Work to be completed: Retype the data exactly, skipping any picture in it.

Data section:
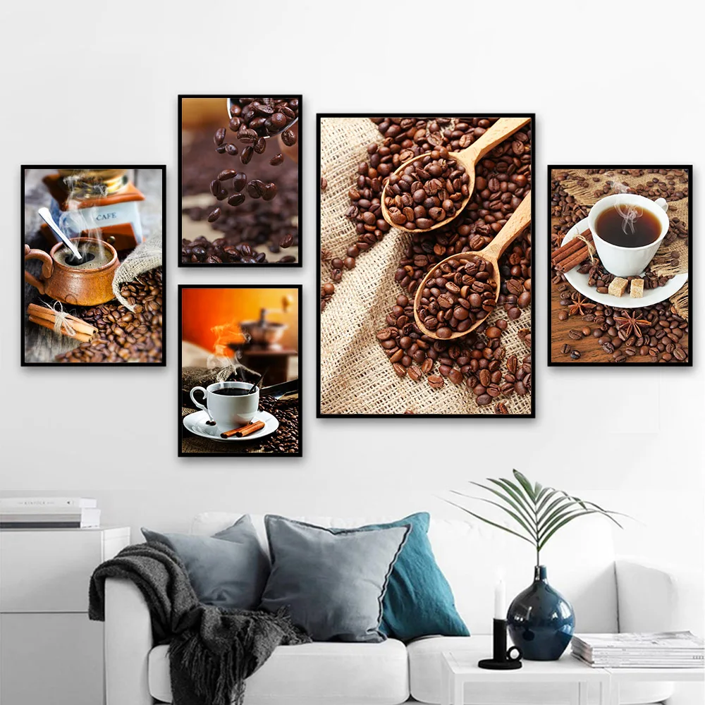 Винтажная Картина на холсте с изображением кофейных зерен, настенное искусство, кофе, домашние плакаты печать, современный реалист, украшение для дома, ресторана, гостиной
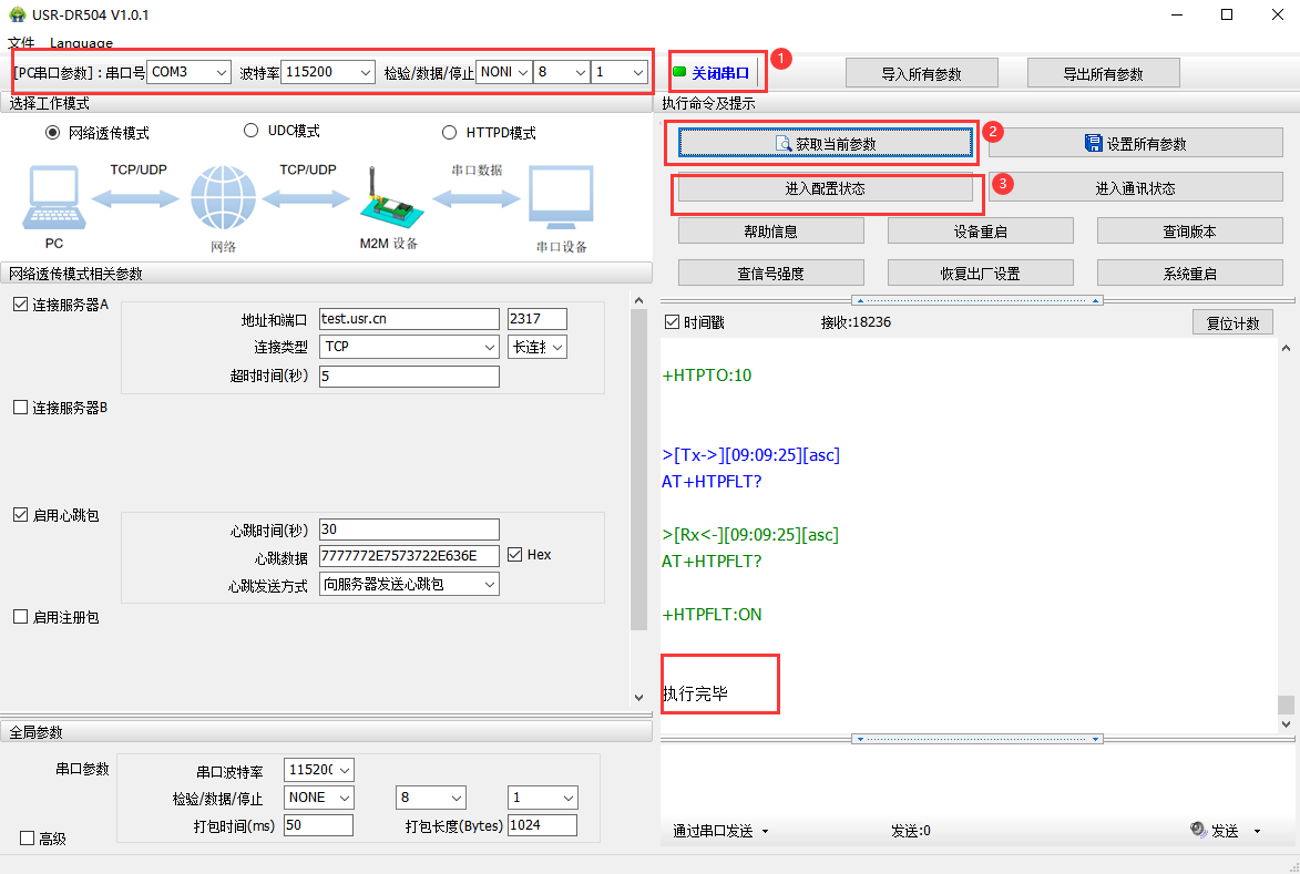 4. 打開串口后,先點(diǎn)擊進(jìn)入配置狀態(tài),如果模塊能返回+ok的字符,說明電腦和模塊連接是沒有問題的;然后點(diǎn)擊進(jìn)入通訊狀態(tài)如圖,做數(shù)據(jù)通訊測(cè)試。如果不返回+OK的話,請(qǐng)參考(步驟3)
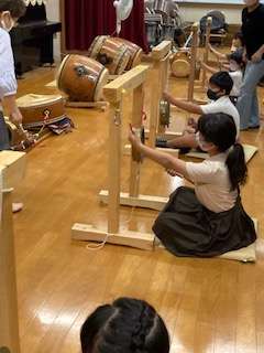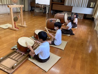 地域の方に、ゲストティーチャーとして来ていただき、クラスごとに太鼓と鐘のたたき方を教えていただきました。
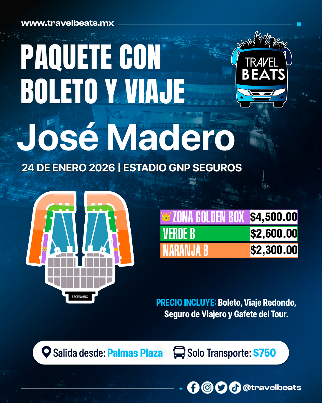 TRAVEL BEATS: Tu agencia de viajes a conciertos desde Puebla te lleva a disfrutar el concierto de José Madero en el Estadio GNP Seguros, no te pierdas de este gran evento. #EnjoyTheGigs!

Result below:
 Винтажная Картина на холсте с изображением кофейных зерен, настенное искусство, кофе, домашние плакаты печать, современный реалист, украшение для дома, ресторана, гостиной
 4. 打開串口后,先點(diǎn)擊進(jìn)入配置狀態(tài),如果模塊能返回+ok的字符,說明電腦和模塊連接是沒有問題的;然后點(diǎn)擊進(jìn)入通訊狀態(tài)如圖,做數(shù)據(jù)通訊測(cè)試。如果不返回+OK的話,請(qǐng)參考(步驟3)
 地域の方に、ゲストティーチャーとして来ていただき、クラスごとに太鼓と鐘のたたき方を教えていただきました。
 TRAVEL BEATS: Tu agencia de viajes a conciertos desde Puebla te lleva a disfrutar el concierto de José Madero en el Estadio GNP Seguros, no te pierdas de este gran evento. #EnjoyTheGigs!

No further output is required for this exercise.